What this task involves:
Repeat, word for word, each of the records shown below, without their pictures.

Collection entries:

§ §

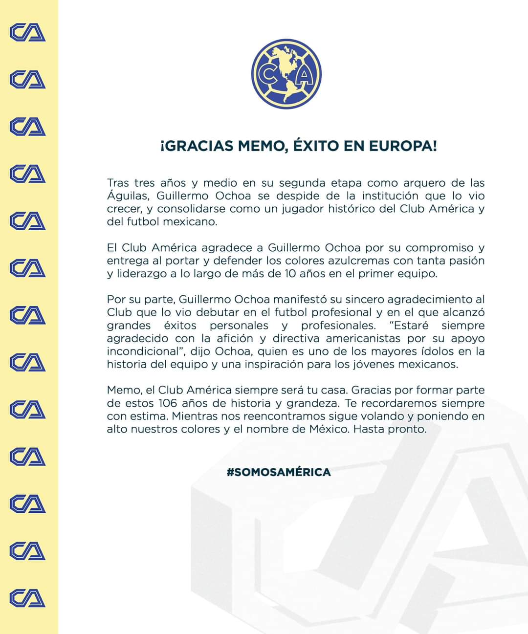 El club, agradeció a Memo por su “compromiso y entrega al portar y defender los colores azulcremas con tanta pasión y liderazgo a los largo de más de 10 años”, además de reafirmarle que “el Club América siempre será tu casa”, son algunas de las palabras que se pueden leer en el escrito.
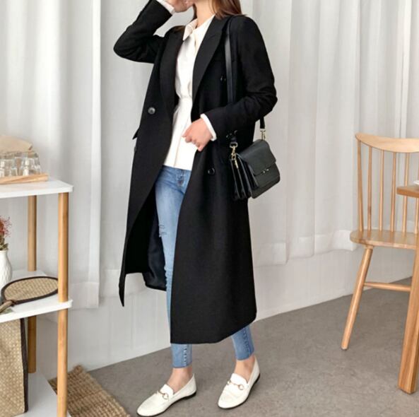【送料無料】 アウター 秋冬 コート トレンチ ダブルブレスト ミディ丈 ジャッケト 学生風 薄手 ブラック ピンク ベージュ スリム 着回し お洒落 トレンド 可愛い 大人カジュアル 上品 きれい目 お呼ばれ 二次会 デート 女子会 通勤 韓国 オルチャン OT-006KB
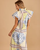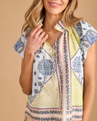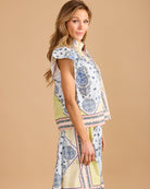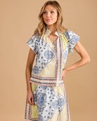 Lightweight and breezy sleeveless top with a pastel bandana print, flutter sleeves, and a ruffle-trimmed collar with front ties. Stylish on its own or paired with the matching skirt.
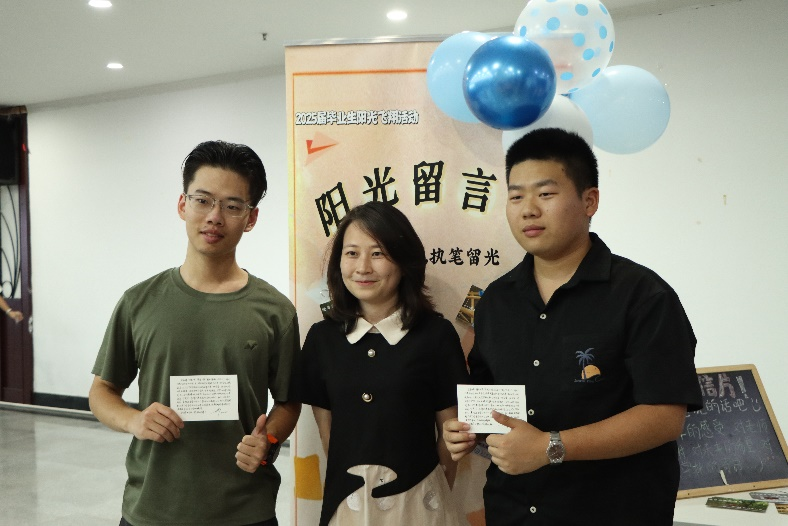 活动现场,毕业生们选取心仪的留言卡,写下自己大学四年的感受、对学校和老师的感谢、对同学的祝福、给学弟学妹的寄语、以及对未来的展望等等,字里行间饱含对师长培育的感恩、对同窗情谊的留恋等情感。书写完成后,同学们可将卡片带走作为纪念,也可进行现场展示,将这份情感和祝福与大家分享。活动负责人王婧瑜表示,毕业季伴随着压力,但也蕴含着希望,此次“阳光留言卡”活动通过书写感悟、表达感恩、传递关怀,为毕业生们提供了情绪表达平台,也为他们步入新阶段提供了心理支持。
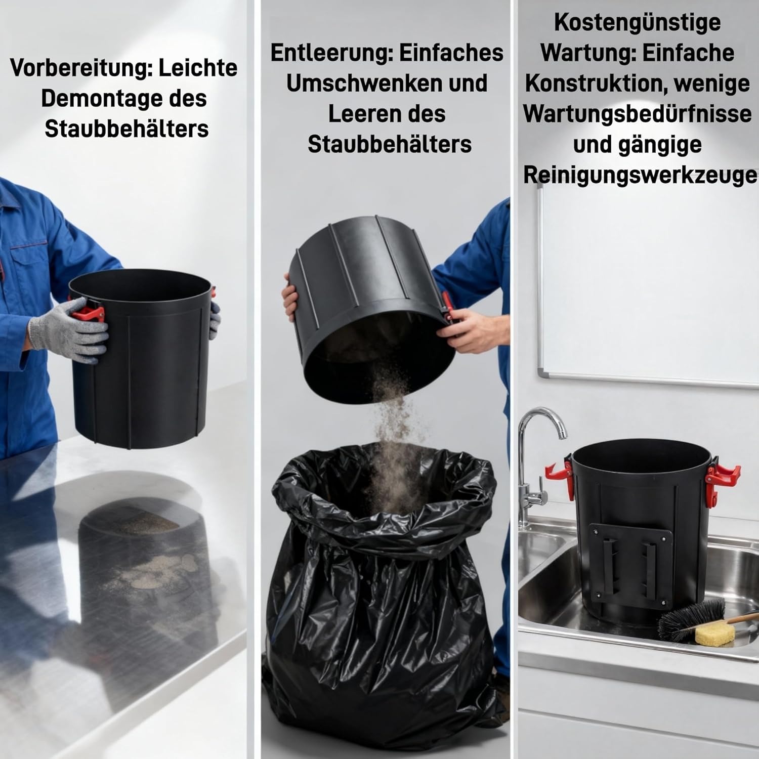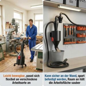 - Industrie-Kapazität: Das System ist für große Mengen an Spänen und Partikeln ausgelegt, die einen normalen Staubsauger sofort verstopfen würden.
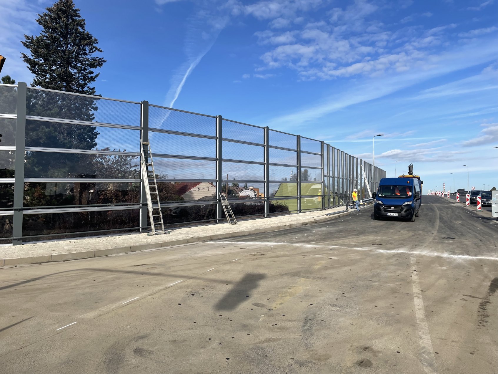 Transparentní protihluková stěna Roudnice, nová komunikace
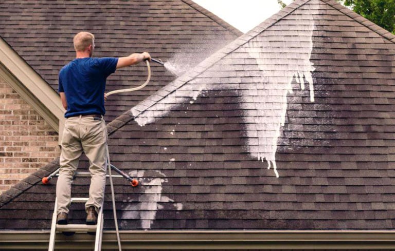 Soft-wash roof cleaning is a safe, effective, and eco-friendly roof-cleaning method. It gently removes stubborn stains, algae, moss, and lichen from roofs, restoring their original beauty and extending their lifespan.
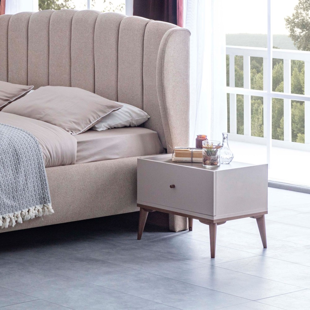 Projetada considerando as áreas de armazenamento que você precisa, a mesa de cabeceira Pastel cria uma área de armazenamento segura para todos os itens que você deseja manter na cabeceira. Além de sua estrutura sólida e funcional, traz a paz da natureza para o seu ambiente com sua distribuição harmoniosa de tons terrosos e detalhes elegantes dos puxadores.

§ §

Your response:
 El club, agradeció a Memo por su “compromiso y entrega al portar y defender los colores azulcremas con tanta pasión y liderazgo a los largo de más de 10 años”, además de reafirmarle que “el Club América siempre será tu casa”, son algunas de las palabras que se pueden leer en el escrito.
【送料無料】 アウター 秋冬 コート トレンチ ダブルブレスト ミディ丈 ジャッケト 学生風 薄手 ブラック ピンク ベージュ スリム 着回し お洒落 トレンド 可愛い 大人カジュアル 上品 きれい目 お呼ばれ 二次会 デート 女子会 通勤 韓国 オルチャン OT-006KB
 Lightweight and breezy sleeveless top with a pastel bandana print, flutter sleeves, and a ruffle-trimmed collar with front ties. Stylish on its own or paired with the matching skirt.
 活动现场,毕业生们选取心仪的留言卡,写下自己大学四年的感受、对学校和老师的感谢、对同学的祝福、给学弟学妹的寄语、以及对未来的展望等等,字里行间饱含对师长培育的感恩、对同窗情谊的留恋等情感。书写完成后,同学们可将卡片带走作为纪念,也可进行现场展示,将这份情感和祝福与大家分享。活动负责人王婧瑜表示,毕业季伴随着压力,但也蕴含着希望,此次“阳光留言卡”活动通过书写感悟、表达感恩、传递关怀,为毕业生们提供了情绪表达平台,也为他们步入新阶段提供了心理支持。
 - Industrie-Kapazität: Das System ist für große Mengen an Spänen und Partikeln ausgelegt, die einen normalen Staubsauger sofort verstopfen würden.
 Transparentní protihluková stěna Roudnice, nová komunikace
 Soft-wash roof cleaning is a safe, effective, and eco-friendly roof-cleaning method. It gently removes stubborn stains, algae, moss, and lichen from roofs, restoring their original beauty and extending their lifespan.
 Projetada considerando as áreas de armazenamento que você precisa, a mesa de cabeceira Pastel cria uma área de armazenamento segura para todos os itens que você deseja manter na cabeceira. Além de sua estrutura sólida e funcional, traz a paz da natureza para o seu ambiente com sua distribuição harmoniosa de tons terrosos e detalhes elegantes dos puxadores.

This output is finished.